To deal with these challenges, the data scientists at Endgame leverage the power of clustering. Clustering is one of the most important analytic methodologies used to boil down a big data set into groups of smaller sets in a meaningful way. Analysts can then gain further insights using the smaller data sets.

I will continue the use case given in Understanding Crawl Data at Scale (Part 1): the crawled data of hosts. At Endgame, we crawl a large, global set of websites and extract summary statistics from each. These statistics include technical information like the average number of javascript links or image files per page. We aggregate all statistics by domain and then index these into our local Elasticsearch cluster for browsing through the results. The crawled data is structured into hundreds of features including both categorical features and numerical features. For the purpose of illustration, I will only use 82 numerical features in this post. The total number of data points is 6668.
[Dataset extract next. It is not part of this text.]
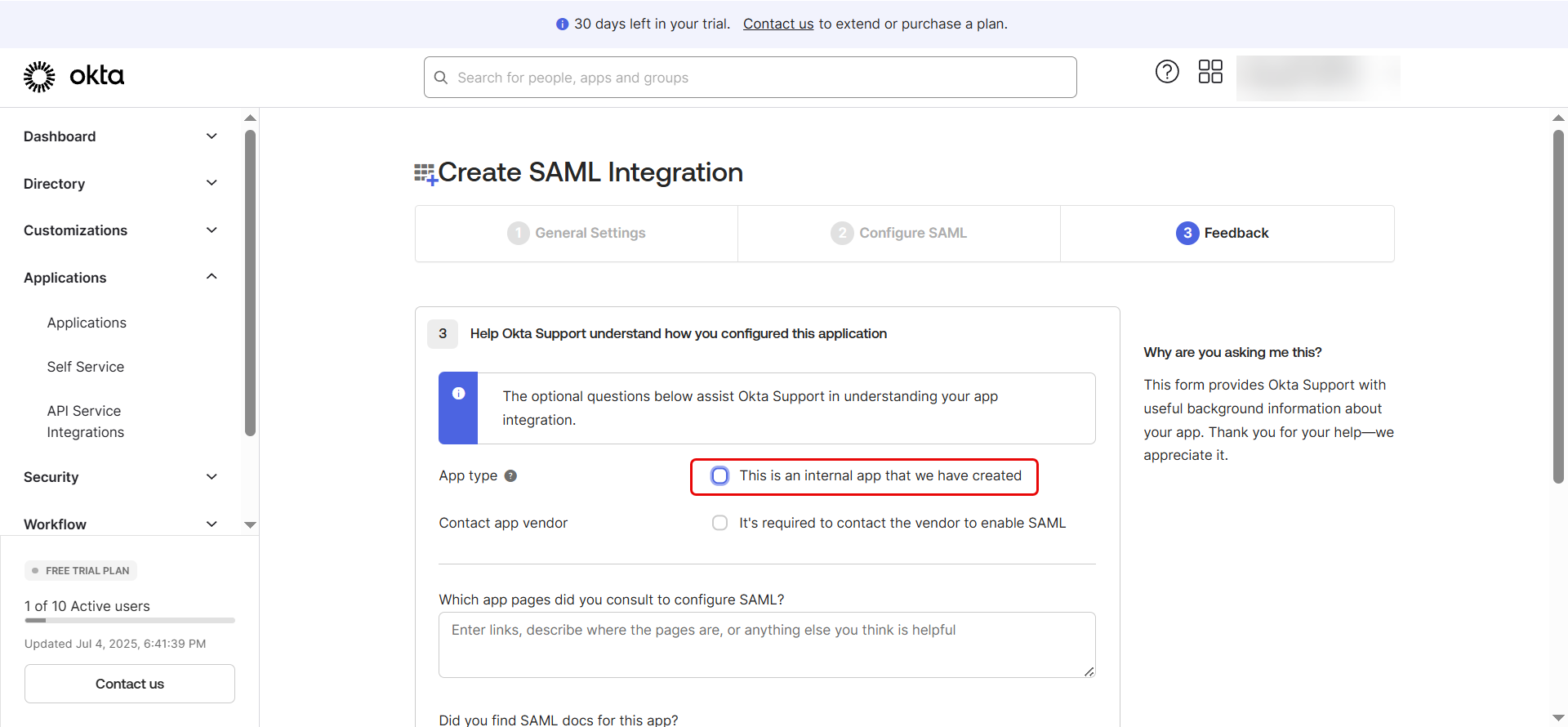 Next, above the Integration tab, To App and To Okta tabs will appear.

First, I’ll cover how we use visualization to reduce the number of features. In a later post, I’ll talk about clustering and the visualization of clustering results.

Before we actually start clustering, we first should try to reduce the dimensionality of the data. The very basic EDA (Exploratory Data Analysis) method of numerical features is to plot them on a scatter matrix graph, as shown in Figure 1. It is an 82 by 82 plot matrix. Each cell in the matrix, except the ones on the diagonal line, is a two-variable scatter plot, and the plots on the diagonal are the histograms of each variable. Given the large number of features, we can hardly see anything from this busy graph. An analyst could spend hours trying to decipher this and derive useful insights:

Figure 1. Scatter Matrix of 82 Features

Of course, we can try to break up the 82 variables into smaller sets and develop a scattered matrix for each set. However, there is a better visualization technique available for handling the high dimensional data called a Self-Organizing Map (SOM).

The basic idea of a SOM is to place similar data points closely on a (usually) two dimensional map by training the weight vector of each cell on the map with the given data set. A SOM can also be applied to generate a heat map for each of the variables, like in Figure 2. In that case, a one-variable data set is used for creating each subplot in the component plane.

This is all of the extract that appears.